#### [Required work]
Only the lines below from the one that holds "因此,为了让音乐更加栩栩如生,我们将 Suno 写的歌,导入到" through the one that holds "Join the World" should appear in the answer, copied exactly, end lines included and pictures omitted.

#### [Records supplied]
========

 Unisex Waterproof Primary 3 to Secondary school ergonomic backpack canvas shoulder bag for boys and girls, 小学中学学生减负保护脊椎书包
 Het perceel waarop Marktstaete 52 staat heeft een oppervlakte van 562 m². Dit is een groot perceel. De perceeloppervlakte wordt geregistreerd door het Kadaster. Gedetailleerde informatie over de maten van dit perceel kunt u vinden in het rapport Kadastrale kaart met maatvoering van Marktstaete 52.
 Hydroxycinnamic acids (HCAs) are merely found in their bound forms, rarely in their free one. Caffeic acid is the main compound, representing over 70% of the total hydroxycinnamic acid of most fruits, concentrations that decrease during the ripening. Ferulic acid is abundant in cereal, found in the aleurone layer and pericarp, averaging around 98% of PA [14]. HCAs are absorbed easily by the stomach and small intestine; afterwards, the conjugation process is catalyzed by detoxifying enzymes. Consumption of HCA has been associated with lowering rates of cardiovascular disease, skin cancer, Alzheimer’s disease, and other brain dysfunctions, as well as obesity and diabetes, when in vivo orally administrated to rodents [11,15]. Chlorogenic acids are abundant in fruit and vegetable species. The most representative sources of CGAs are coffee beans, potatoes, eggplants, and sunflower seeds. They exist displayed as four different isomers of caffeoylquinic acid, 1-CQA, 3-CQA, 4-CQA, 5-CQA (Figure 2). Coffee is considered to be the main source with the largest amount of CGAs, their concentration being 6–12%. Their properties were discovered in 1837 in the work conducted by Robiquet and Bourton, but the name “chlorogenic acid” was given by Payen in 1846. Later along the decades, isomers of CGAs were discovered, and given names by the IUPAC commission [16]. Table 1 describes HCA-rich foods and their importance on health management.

========

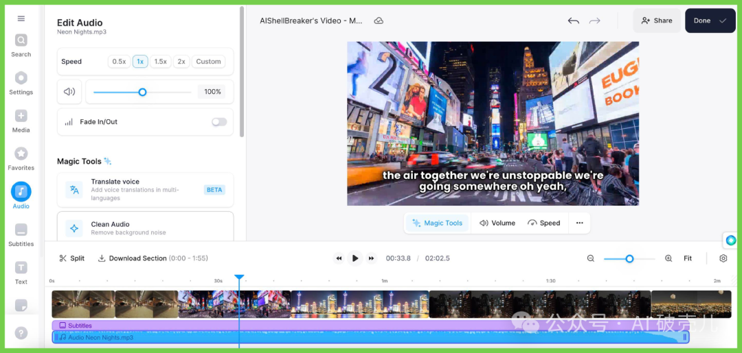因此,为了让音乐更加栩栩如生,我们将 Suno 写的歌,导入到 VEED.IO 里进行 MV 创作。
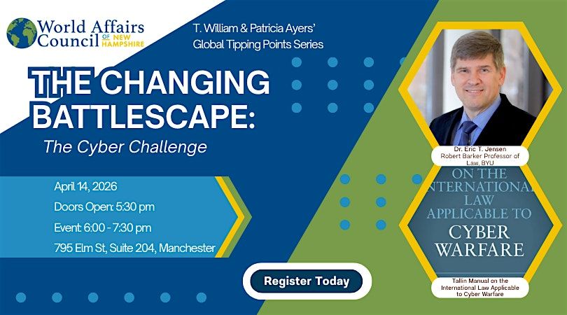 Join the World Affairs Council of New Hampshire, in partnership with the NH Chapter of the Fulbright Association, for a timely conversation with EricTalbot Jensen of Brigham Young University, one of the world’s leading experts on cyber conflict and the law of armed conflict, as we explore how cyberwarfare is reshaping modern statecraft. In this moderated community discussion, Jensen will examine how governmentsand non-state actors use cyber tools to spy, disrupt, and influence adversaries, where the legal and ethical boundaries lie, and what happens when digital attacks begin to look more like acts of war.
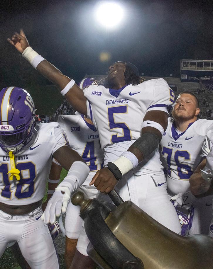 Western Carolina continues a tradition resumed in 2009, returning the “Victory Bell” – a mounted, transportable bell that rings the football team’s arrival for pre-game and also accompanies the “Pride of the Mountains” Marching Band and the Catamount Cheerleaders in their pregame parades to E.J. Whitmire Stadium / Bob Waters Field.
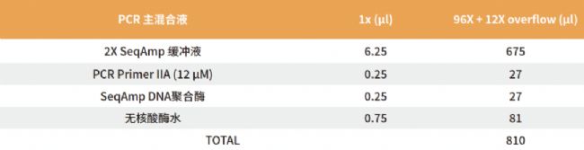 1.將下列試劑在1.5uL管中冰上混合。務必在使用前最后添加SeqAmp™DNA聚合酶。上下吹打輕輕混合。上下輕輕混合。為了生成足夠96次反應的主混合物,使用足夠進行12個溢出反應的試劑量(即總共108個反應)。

========

#### [Written answer]
因此,为了让音乐更加栩栩如生,我们将 Suno 写的歌,导入到 VEED.IO 里进行 MV 创作。
 Join the World Affairs Council of New Hampshire, in partnership with the NH Chapter of the Fulbright Association, for a timely conversation with EricTalbot Jensen of Brigham Young University, one of the world’s leading experts on cyber conflict and the law of armed conflict, as we explore how cyberwarfare is reshaping modern statecraft. In this moderated community discussion, Jensen will examine how governmentsand non-state actors use cyber tools to spy, disrupt, and influence adversaries, where the legal and ethical boundaries lie, and what happens when digital attacks begin to look more like acts of war.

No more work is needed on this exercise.